Красное вино водоворотом закружилось в стакане, а Урсула Даунз наблюдала за осадком, пока крутившаяся жидкость замедлялась и успокаивалась. Вода в ванной почти остыла, а она уже добралась до дна бутылки. Она взяла бутылку и налила себе еще; осталась всего лишь пара дюймов. От резкого движения вино в стакане заплескалось, и несколько капель попало в воду. Урсула наблюдала, как темно-красные кольца погружались все глубже, постепенно уменьшаясь, пока не исчезли вовсе. От вина голова стала тяжелой. Она откинулась назад, прислонив стакан к намыленным грудям.

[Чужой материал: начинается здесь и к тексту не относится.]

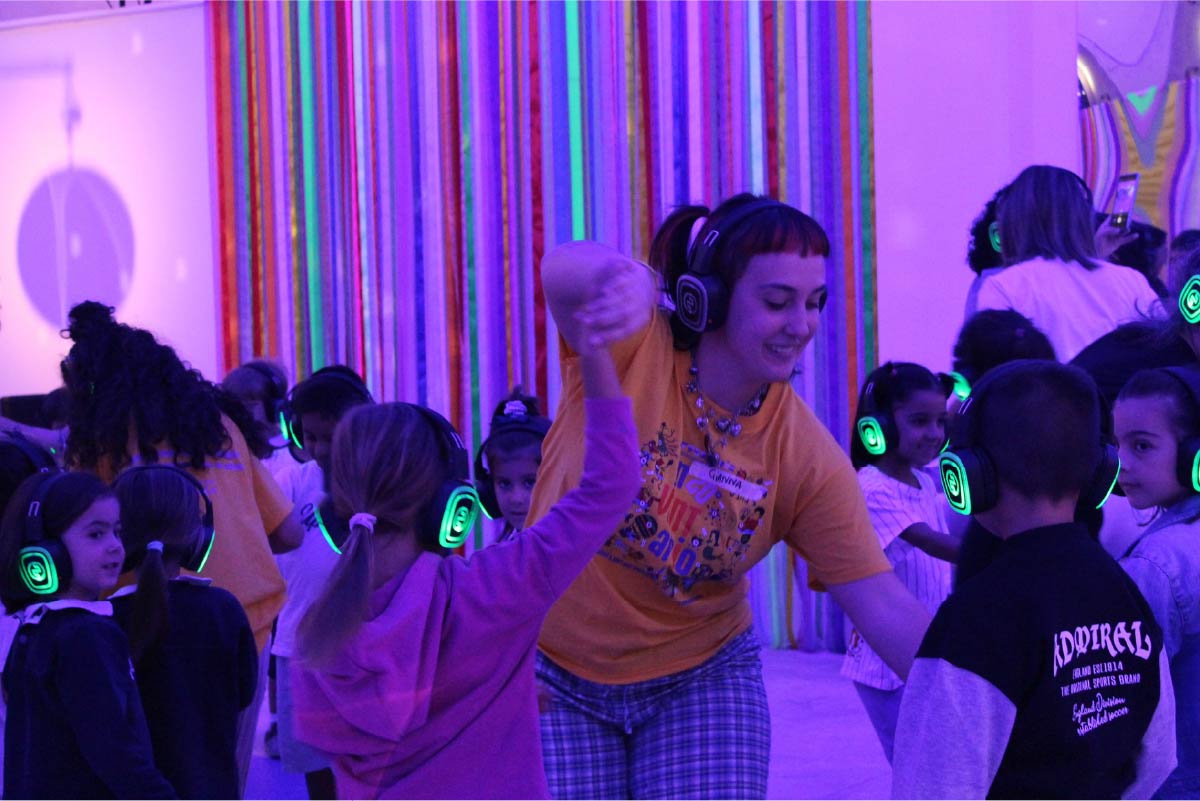 È un viaggio sensoriale che invita a vivere il colore con tutto il corpo, trasformando lo spazio in una tela dinamica dove il gesto e il suono sono i veri protagonisti. L'avventura inizia nel momento in cui ogni partecipante indossa un paio di cuffie: è qui che la voce narrante di Catia e una colonna sonora avvolgente composta da Enrico Venturini danno il via a un viaggio nell’ altrove. Ognuno è immerso in una bolla sonora che scaccia via le distrazioni esterne e porta tutta l’attenzione su un’unica guida: la narrazione che si fa istruzione coreografica e sensoriale.
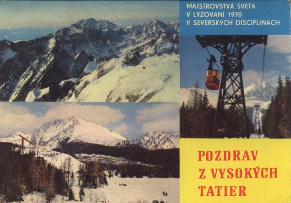Wagonik kolei linowej z Tatrzańskiej Łomnicy na Łomnicê. Na dole napis: POZDRAV Z VYSOKĘCH TATIER. U góry napis: MAJSTROSTVÁ SVETA V LYźOVANI 1970 V SEVERSKĘch DISCIPLINACH.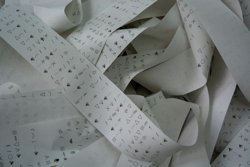 Pour la réalisation de cette installation générative, une intelligence artificielle a été entraînée à inventer des mythes sur le futur de l’humanité, qu’elle oralise au moyen d’une voix de synthèse. Ces récits, qui offrent une impression de familiarité en raison de la place qu’occupent les mythes dans notre inconscient collectif, sont retranscrits simultanément en signes préhistoriques par une sténotype robotisée – un dispositif permettant d’archiver des histoires qui, par essence, relèvent de la tradition orale. L’archéosténographe fonctionne selon une méthode d’écriture rapide qui utilise la phonétique pour transcrire les sons de la parole en temps réel. Ici, les 36 phonèmes de la langue française ont été remplacés par autant de symboles datant du Paléolithique, suivant une grammaire développée par Julie Hétu dans son essai "L’écrivain préhistorique". Aboutissement de six ans de recherches doctorales sur l’origine du chant et de l’écriture, elle y étudie la récurrence des motifs abstraits dans l’art pariétal, qui abondent dans la plupart des ensembles préhistoriques et que plusieurs chercheurs considèrent comme une forme "d’écriture primitive". Inspiré par le modèle archétypal de la pierre de Rosette ayant permis de déchiffrer les hiéroglyphes, ce projet est né d’un désir plus poétique que scientifique d’arriver à lire ou écrire des récits en symboles préhistoriques.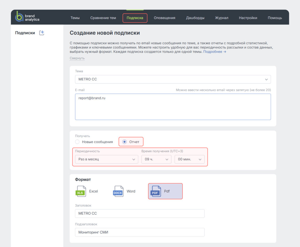 Есептілікті одан да жеңілдететін функция — Brand Analytics жүйесінің мәзірінің «Жазылым» бөлімінде орналасқан «Жазылым» функциясы, мұнда есептерді белгіленген мерзімділікпен email-ге жіберуді баптауға болады — мысалы, аптасына бір рет немесе айына бір рет.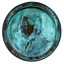 The campus is also home for the state's sole commemoration of the governorship (1936–1939) of Richard W. Leche (1898–1965). It is a large medallion on the north exterior wall of the east side of Strawberry Stadium.

Урсула вспомнила взгляд Оуэна Кадогана сегодня днем. Наверное, ей не стоило смеяться, но он был так жалок. Он не мог понять, почему она не желает начать с того места, на котором они остановились прошлым летом, и возобновить лихорадочные совокупления, о которых он уже наверняка начал думать как об их «романе». Надо было признать, что ей нравилось смотреть, как менялось его лицо, когда она предлагала что-то чуть более рискованное, чем то, к чему он привык. Но с какой стати он решил, что она опять к нему вернется? Их отношения, если их вообще можно было так назвать, основывались на физиологической потребности, и ни на чем больше. Нельзя было даже сказать, что им нравилось общество друг друга. После сегодняшнего она готова была поклясться, что на самом деле он презирает ее, так чего же ему было надо? Оуэн не знал, что для нее все изменилось. Теперь у нее были другие перспективы, не просто очередной записной женатик, которому иногда хотелось гульнуть с кем-нибудь помоложе и поталантливее в постели, чем его жена.

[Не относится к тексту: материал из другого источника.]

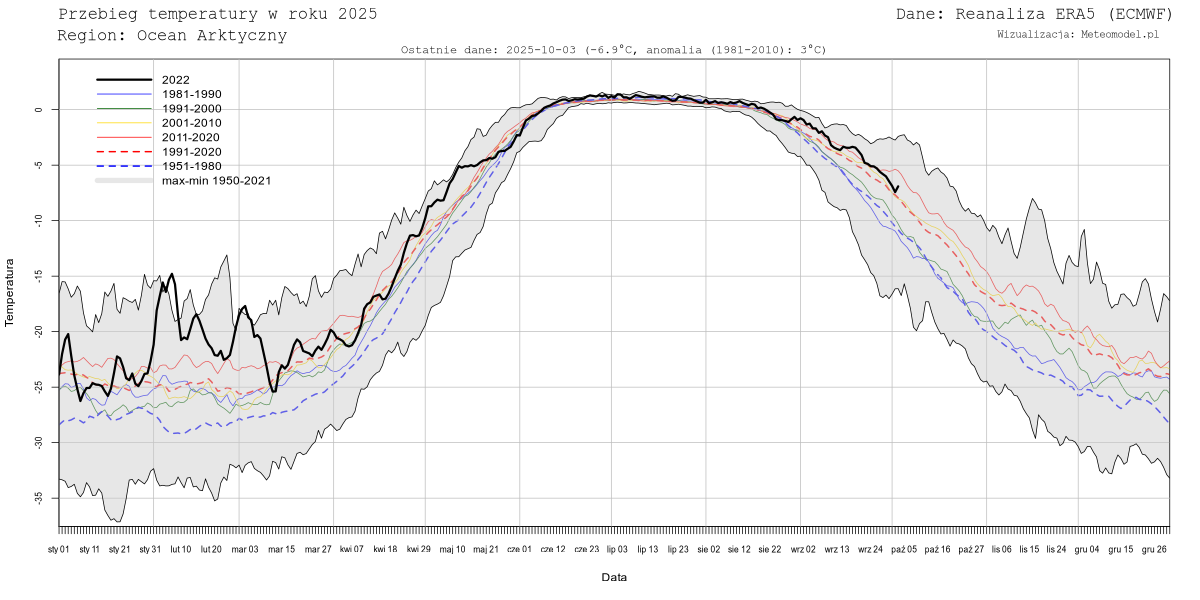 Obecnie nie dla wszystkich z ww. mórz generowane są dane. Należy też mieć na uwadze, że tzw. "Średnia Arktyki" oznacza temperaturę uśrednioną nad morzami arktycznymi z wyłączeniem Morza Grenlandzkiego, Norweskiego, Cieśniny Davisa, Cieśniny Hudsona, Zatoki Hudsona i dodatkowo przycięta do równoleżnika 69N.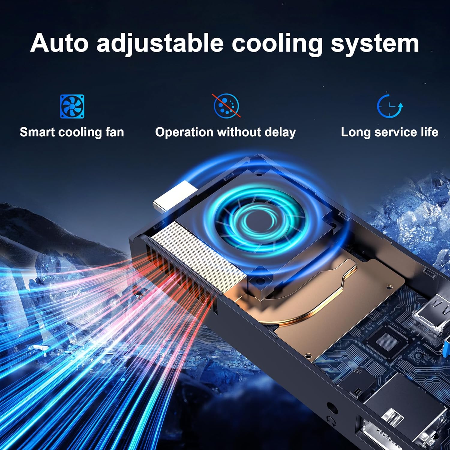 【AUTO-ADJUSTABLE COOLING SYSTEM】This Intel stick PC is designed with a unique cooling system, The intelligent variable speed silent fan will blow the heat of the fins out of the machine in time. According to different CPU usage rates, the fan will automatically adjust the air volume to release higher performance. And it fundamentally solves the lagging phenomenon caused by high CPU temperature.
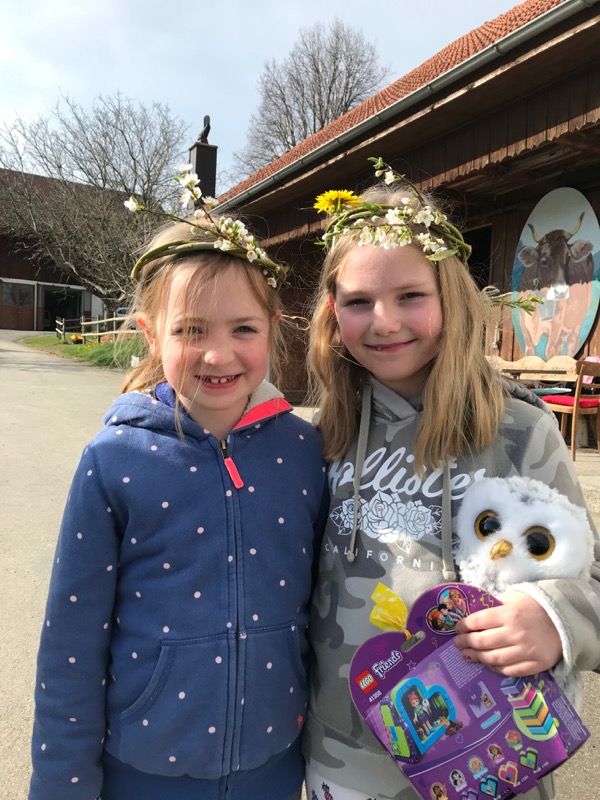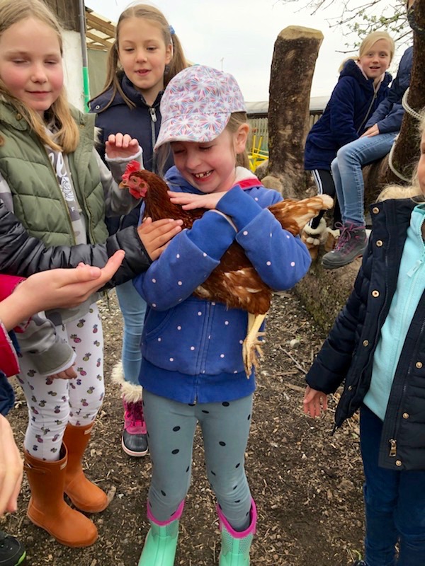 They made crowns from flowering branches and they got to hold chickens.

Но у нее и кроме Оуэна проблем хватало. Сегодня произошла куча всего странного, почти столь же странного, как второе тело с кожаной веревкой на шее. Команда не втягивалась в работу. Может, ей это казалось, но среди дипломированных археологов с каждым годом, похоже, становилось все больше чокнутых. Рейчел Бриско с каждым днем становилась все более угрюма и непредсказуема. И зачем, интересно, Чарли Брейзил сегодня рылся в картах раскопок в офисе? Она вошла и застала его врасплох, и хотя он и притворился, что интересуется раскопками, все было не так просто. Он всегда слишком интересовался их делами. Урсула часто видела, как он забирается на маленький холм за ее домом или бродит по малым болотам вокруг Иллонафулла. Он там ночевал или что-то еще его привлекало? Все вокруг говорили, что у Чарли с головой не все в порядке, но Брейзил был далеко не дурак. Она выяснит, что он ищет.

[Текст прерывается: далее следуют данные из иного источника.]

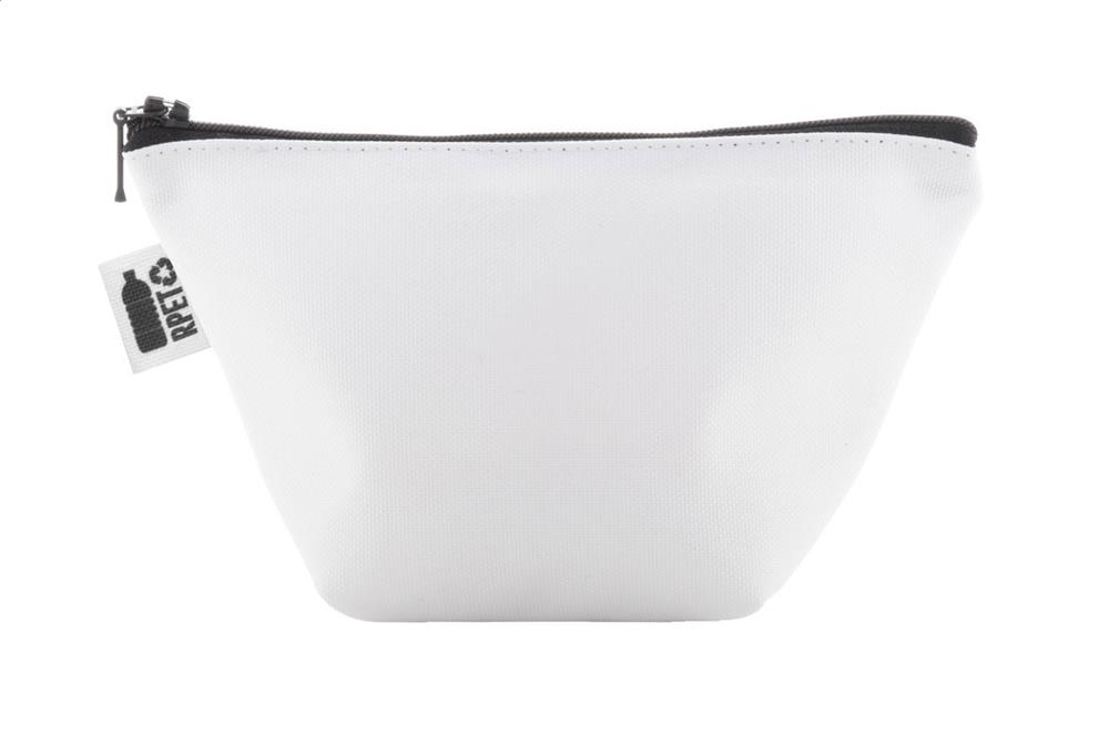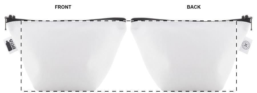 Individuelle Reißverschluss-Kosmetiktasche aus 600D RPET Polyester mit vollflächigem Sublimationsdruck und RPET-Label. Mindestmenge: 50 Stk.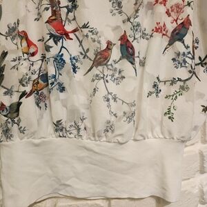 Charming blouse with vibrant bird and floral design. Soft white background enhances the colorful print. Ideal for stylish outings.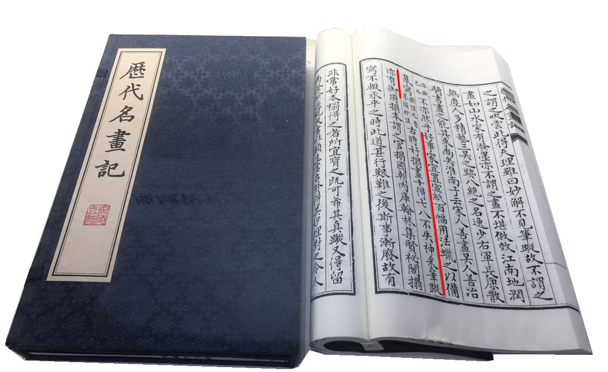 《歷代名畫記》是由曾任安徽舒州刺史、唐代著名繪畫理論家張彥遠(815-907年)在唐代大中元年(847年)所著,在其《論畫體工用拓寫》中說:“江東地潤無塵,人多精藝,三吳之跡,八絕之名,逸少右軍長康散騎,書畫之能其來尚矣,淮南子云:宋人善畫吳人善冶,不亦然乎。好事家宜置宣紙百幅,用法蠟之,以備摹寫。古人好拓畫,十得七八,不失神彩筆跡。亦有御府拓本,謂之官拓。”這是最早記載宣紙的歷史文獻,為后世研究宣紙起源提供了最基本的依據。

А встреча с Норой Гейвин оказалась интересной. Урсула призналась себе, что поймала кайф, пожимая ей руку и вспоминая вчерашнюю встречу с Кормаком Магуайром. Она никогда не могла удержаться от того, чтобы не подколоть людей вроде Кормака. Интересно, жалел ли он когда-нибудь о том, как сложились между ними отношения? Урсула давным-давно бросила о чем-либо сожалеть. В сожалении не было будущего.

Она поставила стакан на пол и начала чистить ногти щеточкой, но через несколько секунд бросила это занятие. Все бесполезно; ногти останутся черными, пока она отсюда не уедет. Иногда ей казалось, что торф проникал ей в поры, просачивался в микроскопические трещинки на ее коже, наполняя ее темнотой. Ей до смерти осточертели эти болота, она устала от работавших здесь людей и унылого съемного жилья. С ума сойти – два лета подряд в той же самой кошмарной дыре, что и много лет назад! Она-то надеялась, что к этому времени достигнет в жизни большего. Ну, она хоть настояла на отдельном жилье – а почему и нет, если «Борд на Мона» платит? Коммунальный образ жизни команды, общие кухня и туалет неописуемо угнетали Урсулу, наверное, потому, что она слишком долго жила так каждое лето. Может, в следующем году в это время она будет где-нибудь, где не идет дождь десять месяцев в году. Она ненадолго расслабилась и позволила себе вообразить солнце и жару, белый песок, лазурную воду. Слишком много она старалась об этом не думать, чтобы не сглазить.

Урсула капнула на губку гелем для душа, вспенила его и потерла жесткой губкой по тыльной стороне шеи, груди и плечам. Вдруг перед глазами у нее снова встал образ этого второго мертвого тела в болоте, его неподвижность, давно погасшая искра жизни. Она внезапно четко осознала, что если слишком долго здесь задержится, то загасит свою собственную искру, зальет ее вечным дождем. Она хотела гореть как можно ярче и не испытывала ничего, кроме жалости и презрения, к тем, кто душил свою жизненную энергию из страха, как бы чего не вышло или, хуже того, из ложного чувства морали.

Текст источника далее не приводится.